WORK INSTRUCTION ▸
Begin at the line below that has "Крем липидовосстанавливающий ЦЕРАФАВИТ/CERAFAVIT". Stop after the line that has "Подъёмник оснащён регулируемым", repeating each line exactly and leaving out the pictures.

AVAILABLE DATA below:

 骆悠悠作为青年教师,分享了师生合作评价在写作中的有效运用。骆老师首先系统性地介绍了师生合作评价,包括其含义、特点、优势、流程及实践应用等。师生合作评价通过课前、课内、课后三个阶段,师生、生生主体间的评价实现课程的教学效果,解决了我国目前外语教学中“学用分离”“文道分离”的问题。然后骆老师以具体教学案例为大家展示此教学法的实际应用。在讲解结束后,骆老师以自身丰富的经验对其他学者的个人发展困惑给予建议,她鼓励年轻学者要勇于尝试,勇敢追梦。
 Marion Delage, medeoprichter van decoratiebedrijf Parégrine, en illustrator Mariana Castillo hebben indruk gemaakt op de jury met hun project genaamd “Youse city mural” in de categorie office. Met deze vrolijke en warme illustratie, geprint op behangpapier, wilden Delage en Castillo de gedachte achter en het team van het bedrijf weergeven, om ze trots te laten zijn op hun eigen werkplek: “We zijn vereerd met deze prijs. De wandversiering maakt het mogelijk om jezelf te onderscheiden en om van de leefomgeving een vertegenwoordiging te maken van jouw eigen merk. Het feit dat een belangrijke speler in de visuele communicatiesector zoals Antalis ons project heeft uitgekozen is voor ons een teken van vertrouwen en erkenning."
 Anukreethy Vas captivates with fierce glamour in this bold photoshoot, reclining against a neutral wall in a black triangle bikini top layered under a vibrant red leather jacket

End of AVAILABLE DATA.
AVAILABLE DATA below:

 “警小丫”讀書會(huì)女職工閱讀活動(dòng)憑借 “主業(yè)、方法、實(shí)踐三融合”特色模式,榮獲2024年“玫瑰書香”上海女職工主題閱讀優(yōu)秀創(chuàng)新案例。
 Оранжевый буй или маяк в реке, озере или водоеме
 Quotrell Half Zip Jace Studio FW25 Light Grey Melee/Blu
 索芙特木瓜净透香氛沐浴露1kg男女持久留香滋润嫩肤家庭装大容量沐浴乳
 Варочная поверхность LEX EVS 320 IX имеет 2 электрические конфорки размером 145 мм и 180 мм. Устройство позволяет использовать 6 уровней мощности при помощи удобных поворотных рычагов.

End of AVAILABLE DATA.
AVAILABLE DATA below:

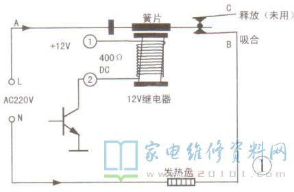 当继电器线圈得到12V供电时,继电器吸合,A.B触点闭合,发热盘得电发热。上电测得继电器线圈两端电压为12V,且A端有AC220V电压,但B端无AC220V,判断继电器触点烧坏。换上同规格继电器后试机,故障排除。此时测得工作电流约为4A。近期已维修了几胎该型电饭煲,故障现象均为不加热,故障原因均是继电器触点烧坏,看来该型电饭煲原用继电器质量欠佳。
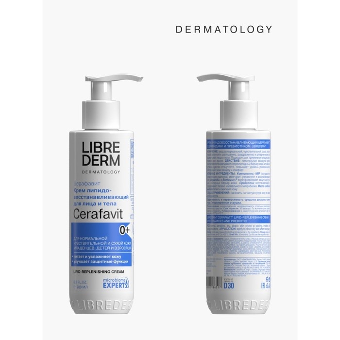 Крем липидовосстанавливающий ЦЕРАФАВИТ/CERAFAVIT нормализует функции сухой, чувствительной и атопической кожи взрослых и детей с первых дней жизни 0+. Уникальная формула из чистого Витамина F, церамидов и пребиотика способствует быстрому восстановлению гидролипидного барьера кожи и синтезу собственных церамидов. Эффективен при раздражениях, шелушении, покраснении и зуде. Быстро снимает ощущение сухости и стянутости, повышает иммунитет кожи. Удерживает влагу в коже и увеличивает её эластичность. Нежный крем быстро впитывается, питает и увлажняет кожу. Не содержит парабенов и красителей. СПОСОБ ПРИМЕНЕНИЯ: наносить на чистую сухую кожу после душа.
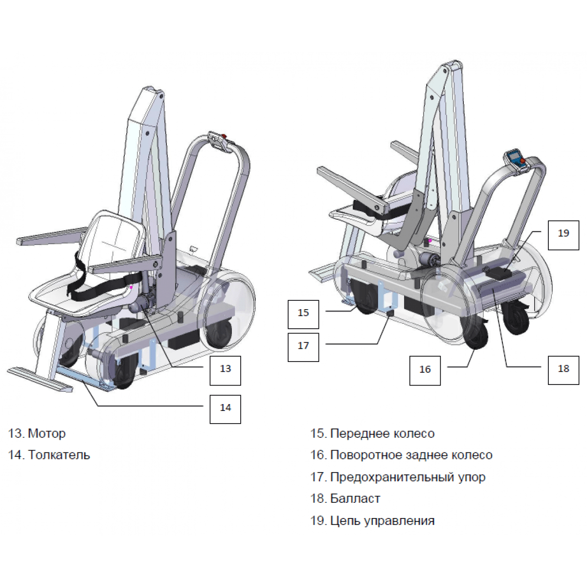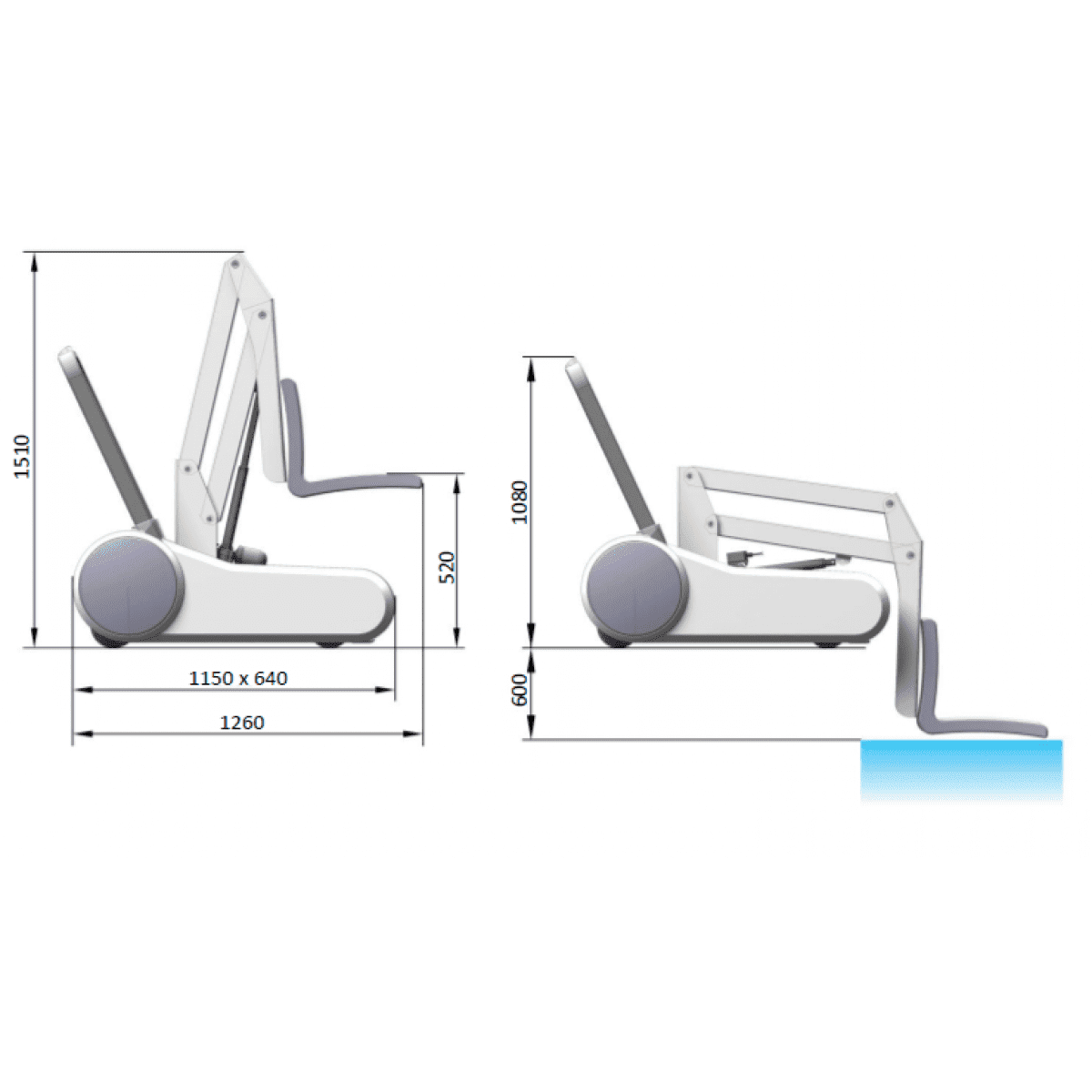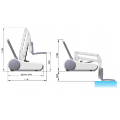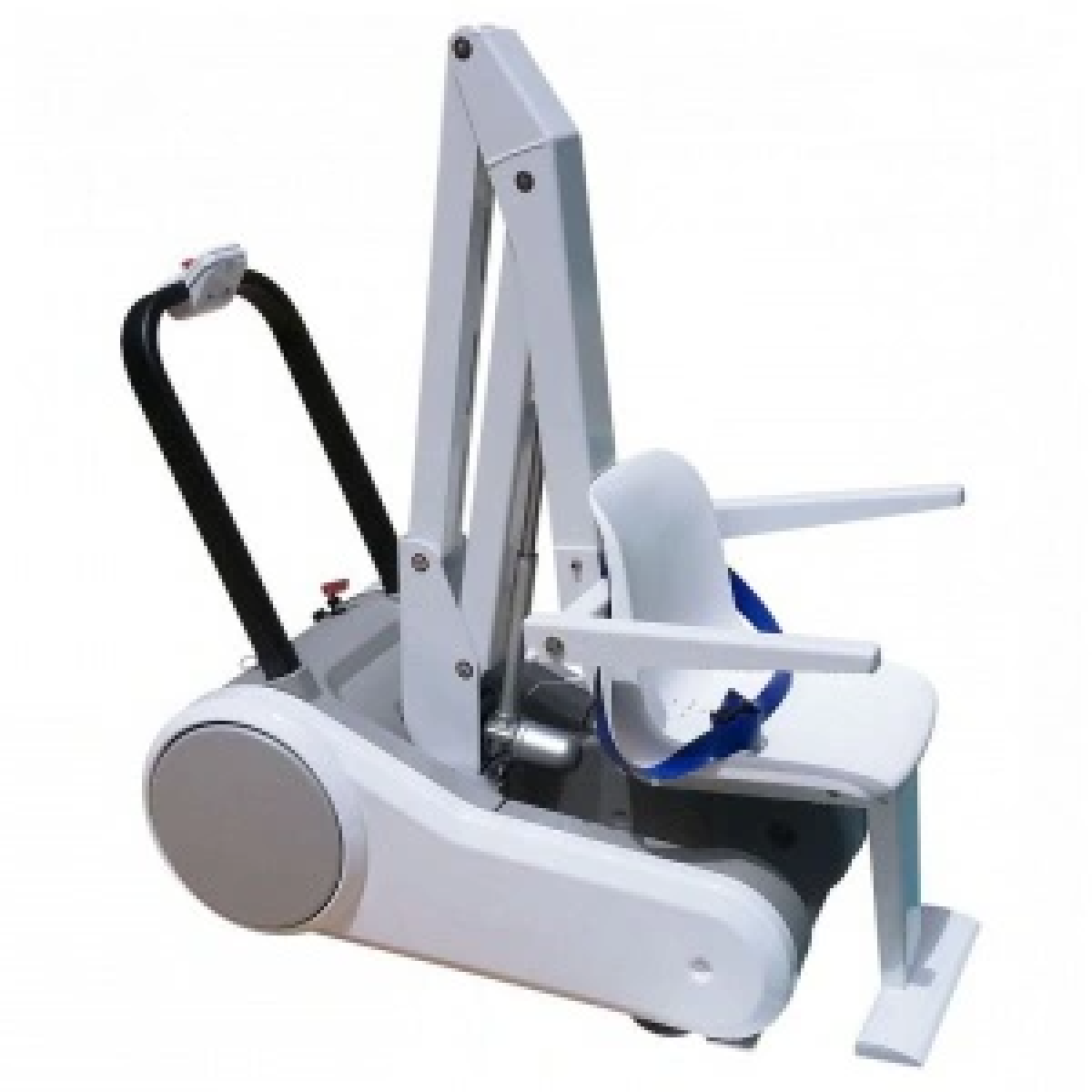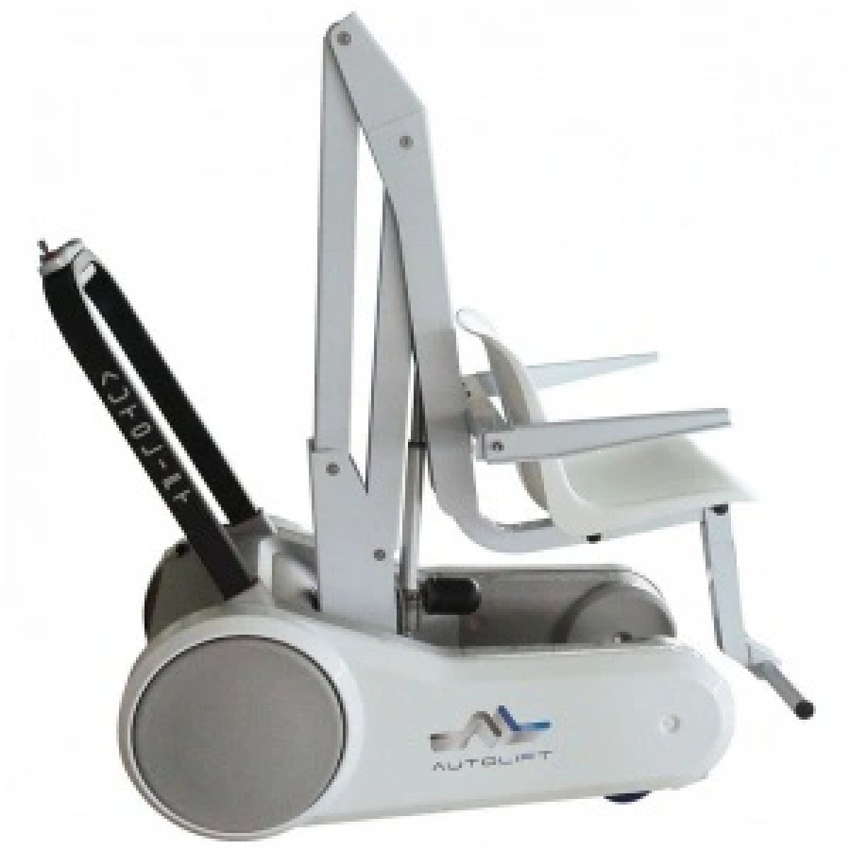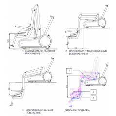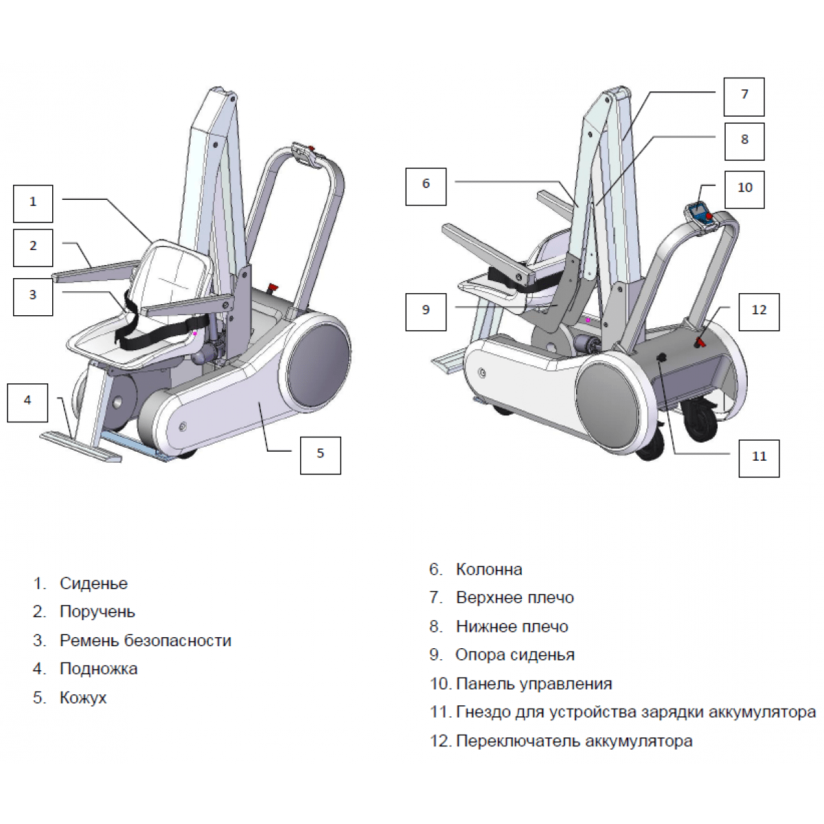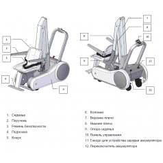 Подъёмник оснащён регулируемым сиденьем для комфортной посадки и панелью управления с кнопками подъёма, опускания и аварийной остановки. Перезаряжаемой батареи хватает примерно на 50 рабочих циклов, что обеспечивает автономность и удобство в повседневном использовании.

End of AVAILABLE DATA.

TASK RESULT ▸
 Крем липидовосстанавливающий ЦЕРАФАВИТ/CERAFAVIT нормализует функции сухой, чувствительной и атопической кожи взрослых и детей с первых дней жизни 0+. Уникальная формула из чистого Витамина F, церамидов и пребиотика способствует быстрому восстановлению гидролипидного барьера кожи и синтезу собственных церамидов. Эффективен при раздражениях, шелушении, покраснении и зуде. Быстро снимает ощущение сухости и стянутости, повышает иммунитет кожи. Удерживает влагу в коже и увеличивает её эластичность. Нежный крем быстро впитывается, питает и увлажняет кожу. Не содержит парабенов и красителей. СПОСОБ ПРИМЕНЕНИЯ: наносить на чистую сухую кожу после душа.
 Подъёмник оснащён регулируемым сиденьем для комфортной посадки и панелью управления с кнопками подъёма, опускания и аварийной остановки. Перезаряжаемой батареи хватает примерно на 50 рабочих циклов, что обеспечивает автономность и удобство в повседневном использовании.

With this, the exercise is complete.